Ca peut paraitre évident à plein de gens, mais pas à tout le monde. D'ailleurs officiellement aucun gouvernement ne prône la décroissance , ils prônent tous une autre forme de croissance, donc ça ne correspond pas à "ne pas continuer à prospérer" mais plutot à "trouver une autre manière de prospérer". On y croit ou pas (personnellement je n'y crois pas) mais on voit bien qu'on n'est plus dans le domaine de la science établie, et qu'un tel "enseignement" prendrait forcément une tournure politique - du coup la place que ça doit prendre dans un enseignement scientifique me semble discutable. Qu'on organise à côté des enseignements des débats ouverts où les étudiants pourraient prendre part et discuter entre eux ou avec des enseignants, ça ne me gêne pas, mais je suis plus gêné qu'on présente ça comme une "formation" au même titre que les matières techniques qu'on leur enseigne.

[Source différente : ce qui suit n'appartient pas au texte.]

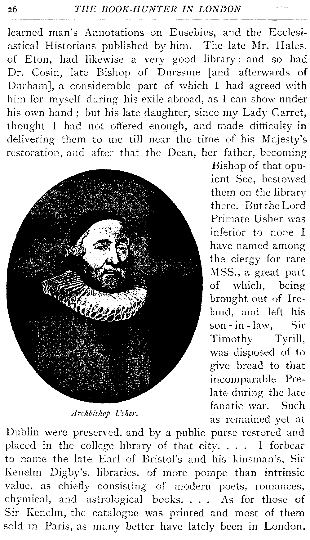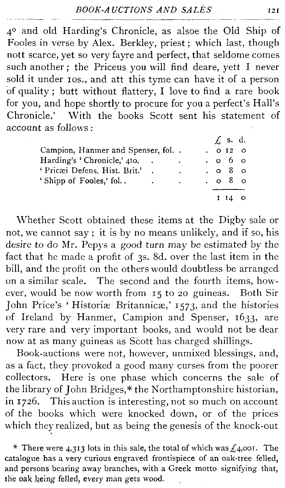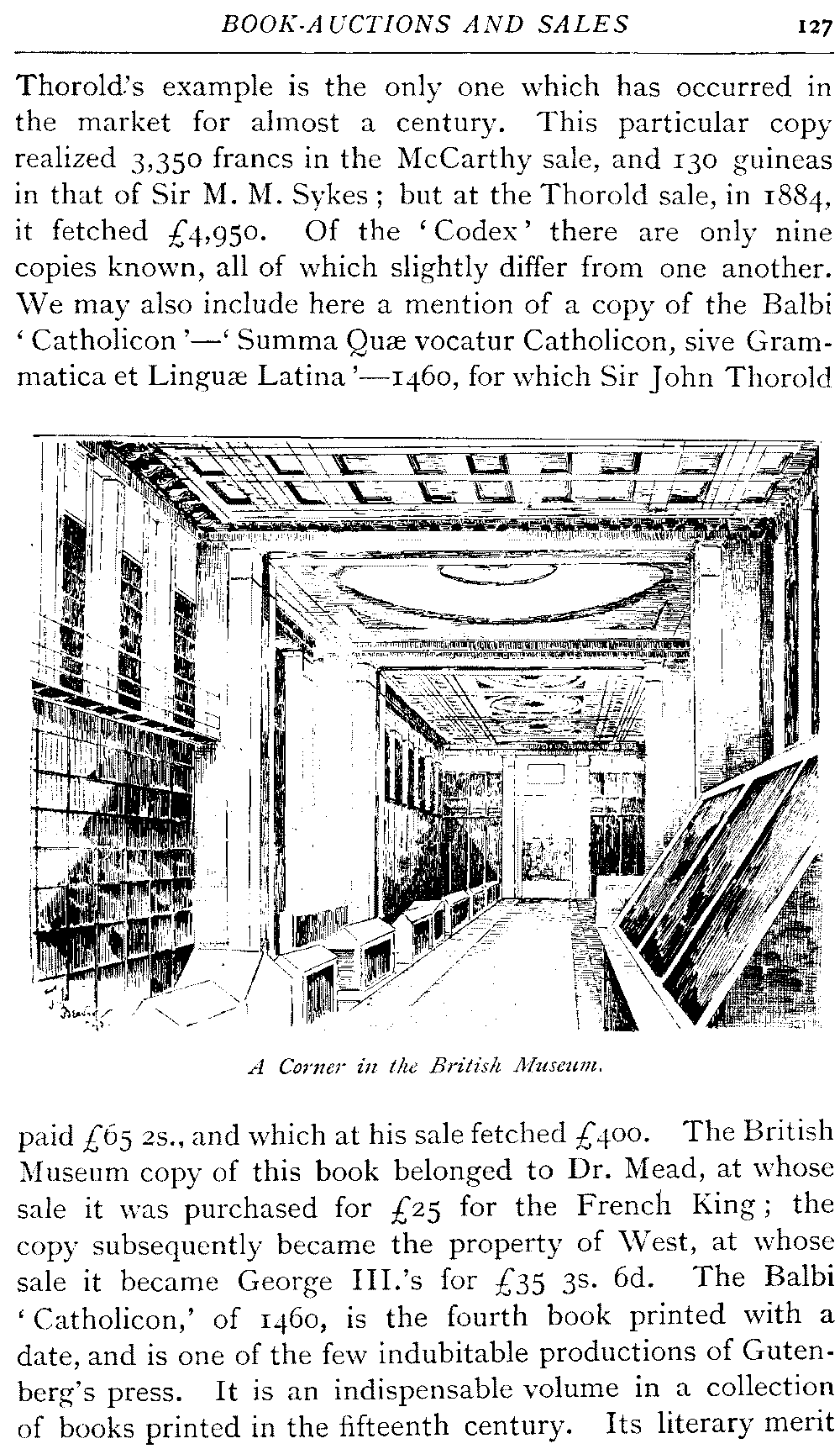 Half a century ago one of the most inveterate frequenters of book-auctions was a certain Dr. G., of diminutive stature, on account of an awkward deviation of the spine. At that time the appearance of a private purchaser at a sale was a very rare event, and one which, when it occurred, invariably met with a more or less hostile reception from the fraternity. Dr. G.'s first appearance produced a good deal of sensation. The hunchback, it is true, was rather shabbily dressed, but 'l'habit ne fait pas le moine,' and is certainly no trustworthy index to the pockets of the wearer. Excitement reached fever-heat when a Wynkyn de Worde was put up and persistently contested for by the doctor, who ran it up against the booksellers present (some of whom quickly desisted from the fun for fear of burning their fingers), one of whom, far exceeding his commission, obstinately refused to give in until the book was knocked down to him to his own dismay, and the delight and ironical compliments of his colleagues. After this contretemps the doctor had it pretty much his own way; his name was duly entered on the sale catalogue, and his address was known. The next day our bookseller, sobered by reflection, called on the doctor, confessed his sin of the previous day, humbly asked for absolution, and offered him the book at an immense loss on the sale price. 'If you were,' replied the doctor, 'to bring the book at my door for nothing, I would take it with a pair of tongs and drop it into the gutter.' It was a puzzle to everyone what the little doctor did with all his purchases, which were limited chiefly to classical books. At [xxx]his death, however, it transpired that he bought for the various Universities of the United Kingdom. The doctor's son, a poor curate, entered his late father's library for the first time, and found there a mass of books, which occupied nearly a month in selling, and realized, to his delight, a large sum of money.

Je suis d'accord, sur le fond cependant ce ne serait pas la première fois que les politiques demandent un rapport, et ne le mettent pas en application, ça fait penser qu'ils s'occupent du problème et puis rien derrière, après c'est un peu débile, mais pas pire que de demander à un prof de bio de remplacer son collègue prof de math et vice versa...quand on dit qu'on a pas de pétrole mais on a des idées...ça ne parle malheureusement pas de la qualité de celles-ci:S:

Entendu sur France-Inter ce matin : La France va faire du Kerozène durable pour l'aviation durable.
Actuellement, il y en a 1% dans le carburant et il y en aura 40000 tonnes dans quelques années. (oui, entendu et en gros compris comme cela...)

Moi, je préfére la marched à ..pied ( Henri Salvador );)
Bonne journée

Cela ne te choque que parce que tu es très éloigné de la technique et des applications, et en effet, j'imagine assez mal que ce genre de chose prenne une place importante pour des étudiants en physique théorique ou en cosmologie. Il en va tout autrement des ingénieurs et techniciens qui conçoivent et réalisent les dispositifs technologiques omniprésents dans notre environnement, et surtout de leurs donneurs d'ordre.
De nos jours, les ingénieurs doivent entendre parler d'ISO 14001, par exemple, au moins savoir que ça existe (et aller plus loin, suivant le domaine), et réfléchir un peu en avance de phase sur le cycle de vie des produits, avant même que la législation ne s'en mêle.